That’s usually bad news for investment intentions in the commercial property world as with uncertainty comes risk, and it is naturally therefore easier to play a safe hand rather than take a brave decision and be in the minority in such circumstances.
However, Scotland’s investment market has shown signs of strength in the first quarter of 2017 with a deeper depth of investor interest compared to 2016. This has come despite constitutional wrangling being front and centre of the political agenda again this year. In fact, we’ve seen several investments that did not sell in 2016 going under offer or completing in the last three months. Examples of this include The Tun and Orchard Brae House in Edinburgh, as well as 7 West Nile Street, Glasgow.
These recent deals indicate to me that the big political debates swirling at Scottish, UK and European levels are unlikely to cause a meaningful change in the property markets in Scotland in the short to medium term. There is still a degree of confidence about investing in Scotland.
There have also been other major commitments to Scottish real estate which provide a degree of confidence looking forward. These include the investment by the Dutch pension fund APG into the St James Centre in Edinburgh and the TH Real Estate purchase of the Omni Leisure scheme in Edinburgh.
There are a few factors that are undoubtedly helping to sustain prices in the marketplace. These include the scarcity of good quality sensibly priced stock and a positive underlying occupational story in the industrial, retail and office markets. Indeed, whenever new investment opportunities become available they attract strong initial interest.

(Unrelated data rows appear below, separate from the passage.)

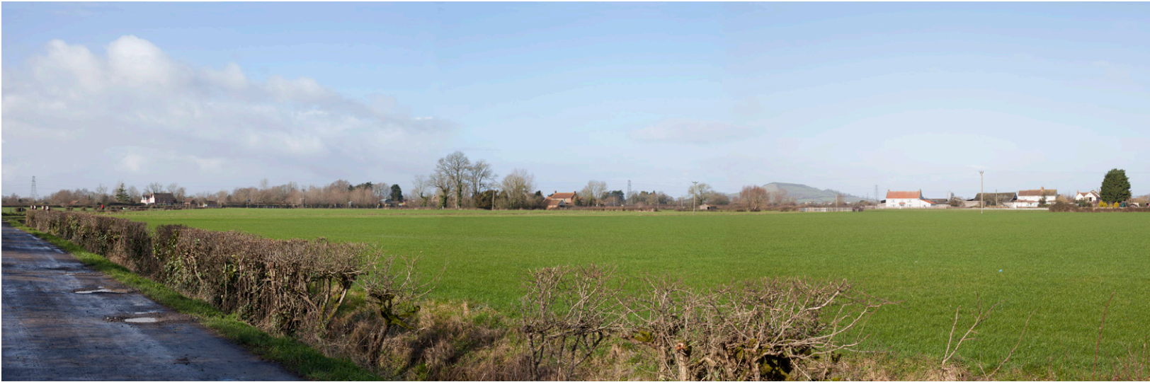
Photograph B1.42: Existing view from PRow AX 23/5 on Green Drove south of Mark Causeway looking northwest towards the route of the proposed 400kV overhead line across flat farmland and towards the F Route beyond
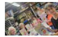
Helen G. Nassif Community Cancer Center Creative Art Session with DKW Art Gallery
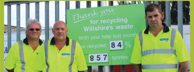
% of waste recycled between February 2016 to end of June 2016

Also, given that no-one has a clear idea what the outcome will be of the major constitutional debates currently being played out a case could be made that investing in Scotland is viewed as a risk diversifier. As questions remain about passport rights and regulations around the UK’s terms when exiting the EU, investors may view Scotland as an opportunity to spread the risk of any poor Brexit deal, regardless of the spectre of independence and its possible consequences.

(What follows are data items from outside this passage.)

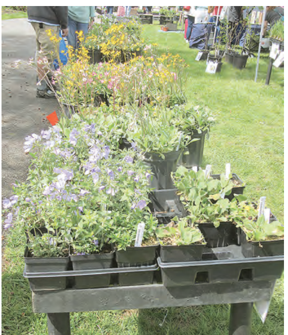
Flowering plants were popular with many shoppers.
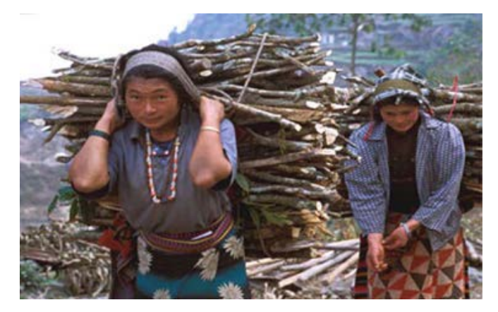
Typical health risks: exposure to smoke and the collection of fire wood.

In many countries, charcoal is a usual cooking fuel. The unsustainable collection of wood for charcoal production has led to native forests being stripped. Landslides and desertification are among the catastrophic long-term consequences of this practice.
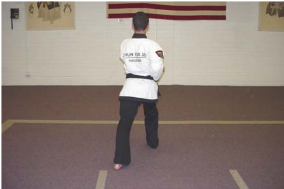
Follow immediately with a left reverse punch shifting into a right front stance.
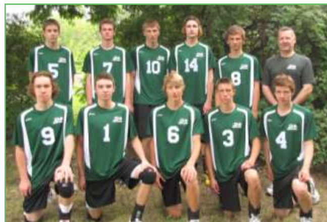
2012 17U Men's Green Team

Congratulations to the following Provincial Team Athletes:
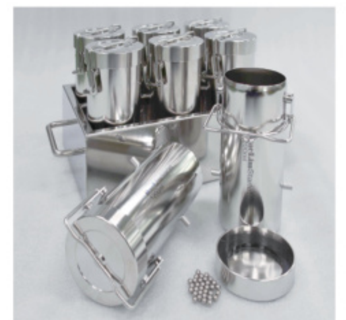
Test pot (1200ml)
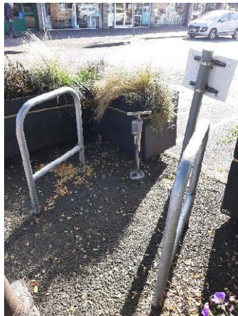
Two bike racks, bike pump station and planters
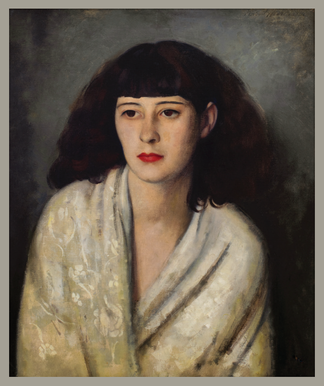
Norbert Heermann (American, born Germany, 1891–1966) Lady with Red Lips , c. 1940 Oil on canvas

At present, concerns remain about the economic effect and currency implications of continued political uncertainty. However, the nervousness about the independence issue is, we believe, starting to lessen and indeed part of the reason that some UK funds are not investing is down to quite significant buying activity in 2014 and 2015.
The bottom line is that investing in commercial property in Scotland is and will remain attractive for both UK and international investors, and I don’t anticipate this will change in the medium term.